Como resultado, permanece aberta a possibilidade de ajustes nas alíquotas por meio de leis ordinárias.
Do ponto de vista jurídico, especialistas avaliam que a proposta pode servir como um argumento adicional em defesa da legalidade das apostas no país.
Para a professora Marina Faraco, a previsão constitucional tende a dificultar mudanças bruscas no status do setor. Isso porque qualquer tentativa de proibição teria que passar por uma alteração na própria Constituição.
Ainda assim, há divergências. O próprio relator da PEC ressalta que a medida, por si só, não garante segurança jurídica total. Segundo ele, a existência de arrecadação depende da legalidade definida por leis ordinárias, o que, em tese, ainda poderia ser alterado.

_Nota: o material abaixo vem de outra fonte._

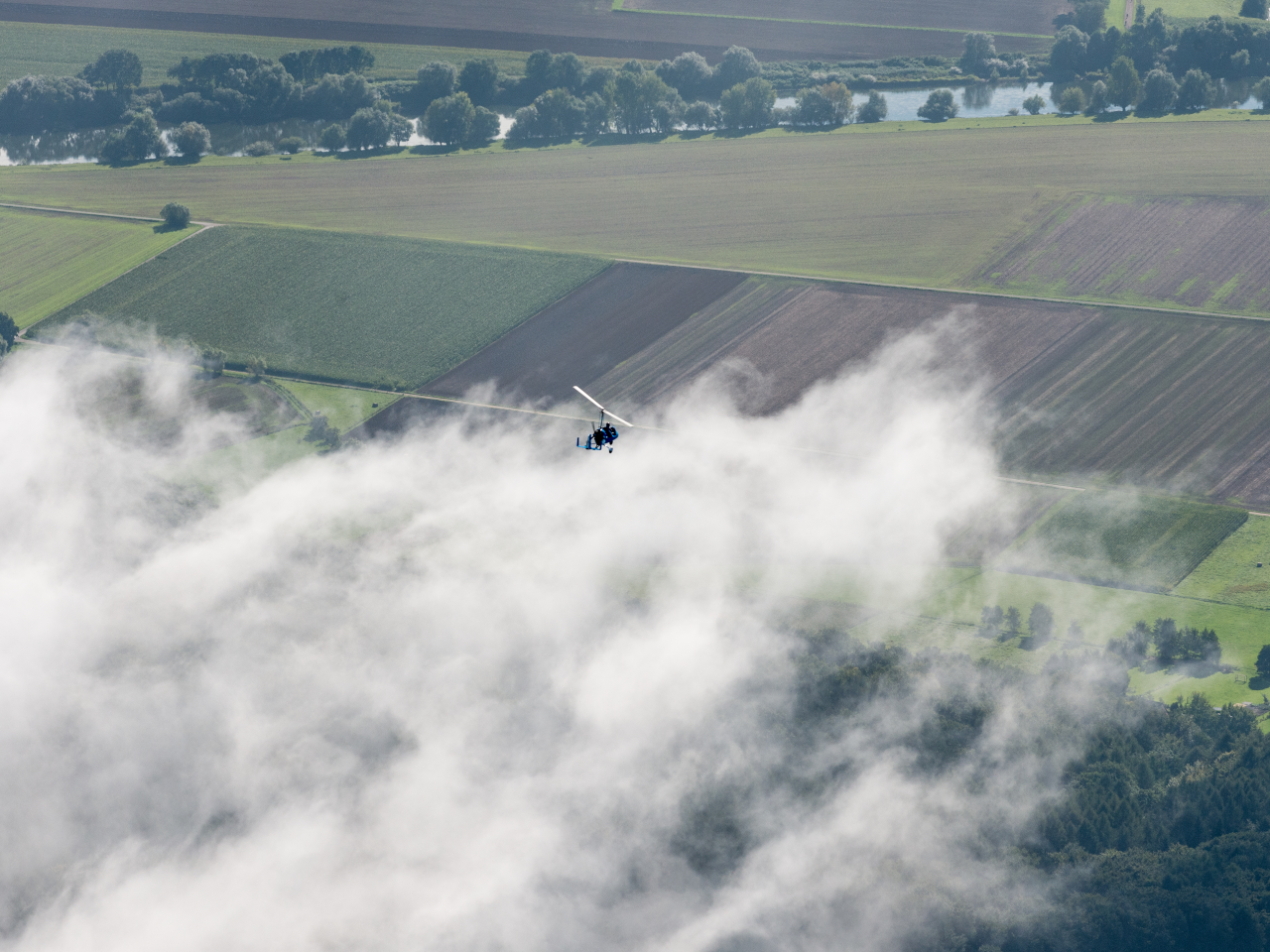 Die Bandbreite des Fliegens in einem Gyrocopter ist enorm. Man kann mit 30km/h langsam dahinschweben oder mit eine Reisegeschwindigkeit von über 140km/h über die Landschaft sausen.

Apesar da avaliação positiva, representantes do mercado reconhecem pontos de atenção. A ausência de limites para futuras elevações de impostos foi vista como um sinal de alerta por parte de integrantes da área jurídica do setor.
Nos últimos meses, o ambiente regulatório já passou por mudanças, incluindo aumento gradual da tributação sobre a receita das operadoras aprovado pelo Congresso.
Além disso, o tema ainda enfrenta questionamentos no Judiciário. No fim de 2025, o procurador-geral da República, Paulo Gonet, reforçou no Supremo Tribunal Federal um pedido para suspender normas que autorizam o funcionamento das apostas no país.
Com a aprovação na Câmara, a PEC agora segue para análise do Senado Federal. Ainda não há uma data definida para a votação.
Caso seja aprovada pelos senadores, a proposta será promulgada diretamente, sem necessidade de sanção presidencial, característica típica de emendas constitucionais.
Enquanto isso, o setor acompanha de perto a tramitação, vendo na proposta um possível marco na consolidação definitiva das apostas esportivas no Brasil.